Salut tout le monde !

Aujourd’hui je vais vous parler du module récepteur FM Si4703 vendu sous la forme d’une breakout par sparkfun.

Le module Si4703 est un récepteur radio FM conçu par les laboratoires « Silicon Laboratories ».
En plus d’être un « simple » récepteur FM le module Si4703 est capable de décoder les signaux RDS (Radio Data Service) et RBDS (Radio Broadcast Data Service) et donc de pouvoir récupérer le nom de la station en cours d’écoute voir même le titre de la chanson en cours !
Le module integre tout ce qu’il faut pour avoir un signal de bonne qualité, filtre HF, détection du stereo, …

Mais son gros point fort c’est qu’il ne demande pas d’antenne !
Et oui comme sur les téléphones récent (qui utilise ce module du reste) c’est le câble des écouteurs qui sert d’antenne !

Pour pouvoir connecter ses écouteurs la breakout comporte un jack 3.5mm standard.

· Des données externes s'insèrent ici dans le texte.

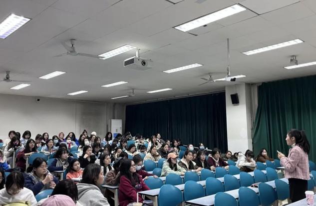 申老师借“什么是爱?”引入“爱与不爱”;劝诫同学们坚持正确的恋爱观和择友观,鼓励女孩子一定要自信,每个人都值得别人去爱,并且首先要自己爱自己。她鼓励同学们平衡好学习、生活和身心健康,坚持平等坦诚、包容沟通,要把握好尺度,保持独立清醒,学会呵护自己,学会接纳、鉴别和拒绝。她告诉大家恋爱中最珍贵的记忆,是双向的成就与奔赴,是彼此的支持与鼓舞,是共同拼搏和奋斗。
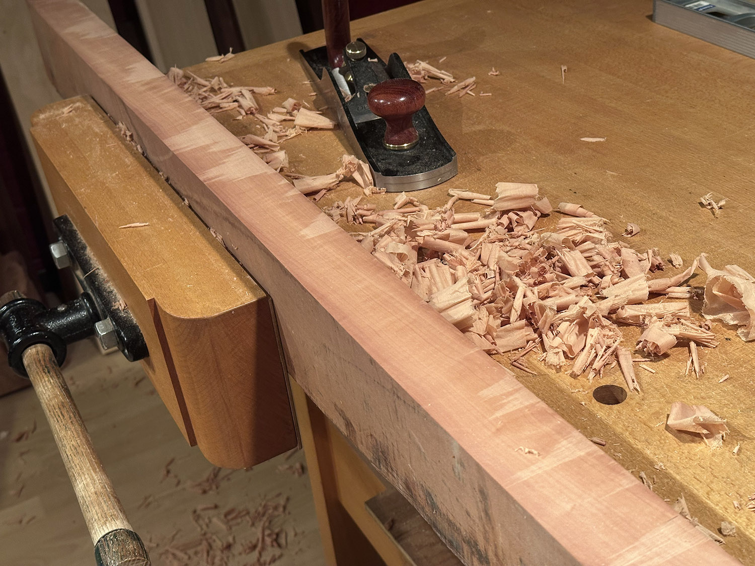 the planed surface is smooth and visually soft. there's a slight curl in the grain.

Pour la connexion breakout arduino (ou n’importe quel autre microcontrolleur) tout ce passe via le bus I2C, deux fils d’alimentation (3v3, gnd) et un signal RESET.
L’alimentation doit obligatoirement être câbler au 3v3, cependant toute les autres broches (excepté les 2 I/O) comporte un pont diviseur 5 -> 3v3 donc pas besoin de ce casser la tête pour faire la conversion (marche aussi en 3v3 pure).

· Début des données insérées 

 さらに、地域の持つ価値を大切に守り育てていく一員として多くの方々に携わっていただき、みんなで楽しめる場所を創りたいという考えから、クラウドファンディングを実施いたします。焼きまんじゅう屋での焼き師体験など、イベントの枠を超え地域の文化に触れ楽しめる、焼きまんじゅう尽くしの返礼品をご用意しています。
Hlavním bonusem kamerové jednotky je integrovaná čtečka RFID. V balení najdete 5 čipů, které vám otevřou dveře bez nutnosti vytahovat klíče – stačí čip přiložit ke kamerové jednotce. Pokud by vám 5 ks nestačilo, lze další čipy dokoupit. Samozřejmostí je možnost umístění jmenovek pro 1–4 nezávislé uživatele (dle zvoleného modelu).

NB: La broche SEN doit rester flottante (pull-down interne).

Petit test avec une carte arduino !
Pour le câblage il est très simple,

Arduino -> breakout
3.3V -> VCC
GND -> GND
A5 -> SCLK
A4 -> SDIO
D2 -> RST

Pour le code j’utilise (pour le moment) celui fourni par sparkfun.

/*
 1-6-2011
 Spark Fun Electronics 2011
 Nathan Seidle
 
 This code is public domain but you buy me a beer if you use this and we meet someday (Beerware license).
 
 To use this code, connect the following 5 wires:
 Arduino : Si470x board
 3.3V : VCC
 GND : GND
 A5 : SCLK
 A4 : SDIO
 D2 : RST
 A0 : Trimpot (optional)
 
 Look for serial output at 57600bps.
 
 The Si4703 ACKs the first byte, and NACKs the 2nd byte of a read.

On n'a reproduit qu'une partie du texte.